▶ [Extracted records]:

___

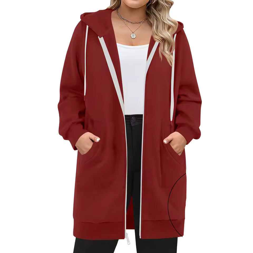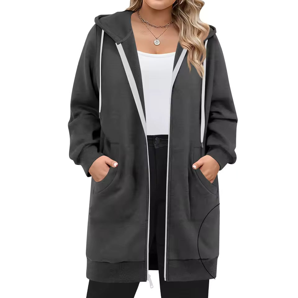 This hoodie features a relaxed fit with a hood and functional front pockets, designed for daily wear. The soft interior and breathable exterior provide ease of movement and a smooth silhouette. Its versatile design works well with trousers, jeans, or skirts, suitable for both indoor and outdoor activities.
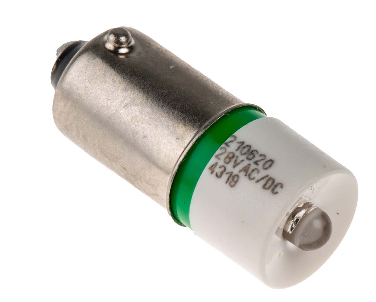 1. Lampka kontrolna Zielony 28V ac/dc BA9s LED średnica 10mm długość 24mm 61.68
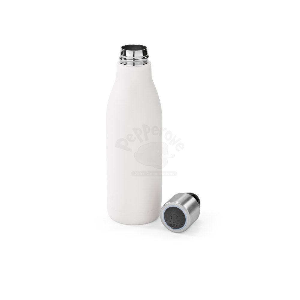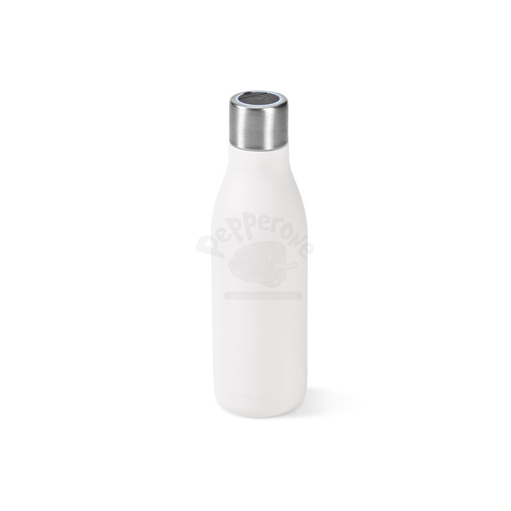 Garrafa em aço inox (90% reciclado) de parede dupla térmica, isolada a vácuo. Garrafa com sistema de auto-sanitização UV que inativa vírus e bactérias que estejam na sua garrafa, tornando a sua bebida mais segura. Capacidade até 500 mL. Preserva as bebidas quentes por 5h e frias por 15h, aproximadamente. Caixa branca 94657 vendida opcionalmente. Certificação EU Food Grade.
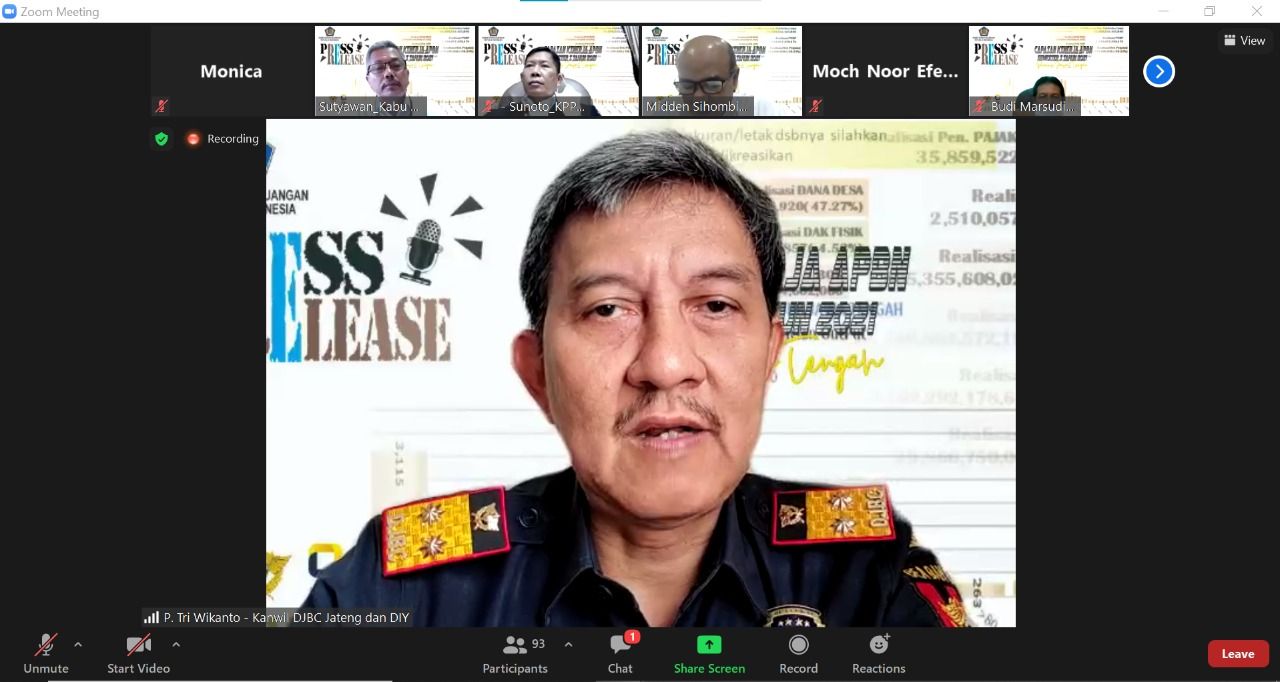 Kanwil DJP Jawa Tengah I bersama dengan Kementerian Keuangan Perwakilan Provinsi Jawa Tengah dan DIY menggelar Konferensi Pers Capaian Kinerja APBN Semester I Tahun Anggaran 2021 di Semarang (Senin,12/7). Kegiatan diikuti oleh sejumlah pelaku Usaha Mikro Kecil dan Menengah (UMKM) serta wartawan media massa.
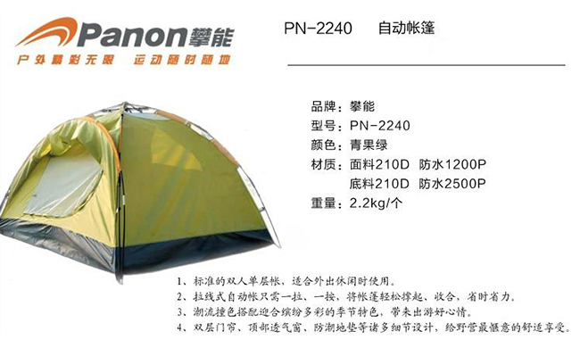 商品名称:攀能(Panon)双人自动帐篷PN-2240 全自动免搭建 户外礼品
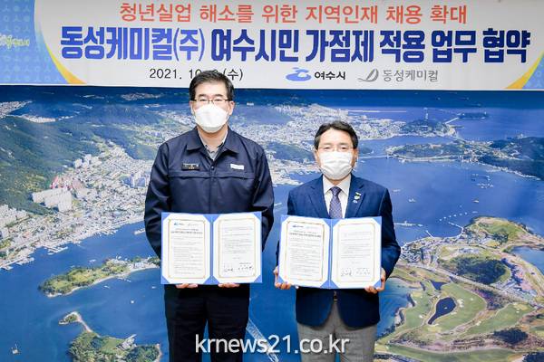 이번 협약에 따라 동성케미컬(주)은 신규 인력채용부터 여수시민가점제를 적용하며, 지역인재 채용률 증진과 더불어 지역발전을 위해 더욱 협력해 나가기로 했다.
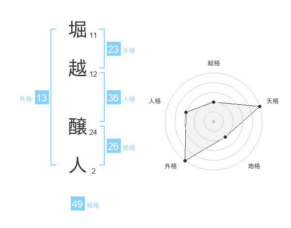 堀越 醸人さんの外格は13画の5点!

___

▶ [PROBLEM DESCRIPTION]:
Write out every entry again word for word, without any of the pictures.

▶ [TASK ANSWER]:
 This hoodie features a relaxed fit with a hood and functional front pockets, designed for daily wear. The soft interior and breathable exterior provide ease of movement and a smooth silhouette. Its versatile design works well with trousers, jeans, or skirts, suitable for both indoor and outdoor activities.
 1. Lampka kontrolna Zielony 28V ac/dc BA9s LED średnica 10mm długość 24mm 61.68
 Garrafa em aço inox (90% reciclado) de parede dupla térmica, isolada a vácuo. Garrafa com sistema de auto-sanitização UV que inativa vírus e bactérias que estejam na sua garrafa, tornando a sua bebida mais segura. Capacidade até 500 mL. Preserva as bebidas quentes por 5h e frias por 15h, aproximadamente. Caixa branca 94657 vendida opcionalmente. Certificação EU Food Grade.
 Kanwil DJP Jawa Tengah I bersama dengan Kementerian Keuangan Perwakilan Provinsi Jawa Tengah dan DIY menggelar Konferensi Pers Capaian Kinerja APBN Semester I Tahun Anggaran 2021 di Semarang (Senin,12/7). Kegiatan diikuti oleh sejumlah pelaku Usaha Mikro Kecil dan Menengah (UMKM) serta wartawan media massa.
 商品名称:攀能(Panon)双人自动帐篷PN-2240 全自动免搭建 户外礼品
 이번 협약에 따라 동성케미컬(주)은 신규 인력채용부터 여수시민가점제를 적용하며, 지역인재 채용률 증진과 더불어 지역발전을 위해 더욱 협력해 나가기로 했다.
 堀越 醸人さんの外格は13画の5点!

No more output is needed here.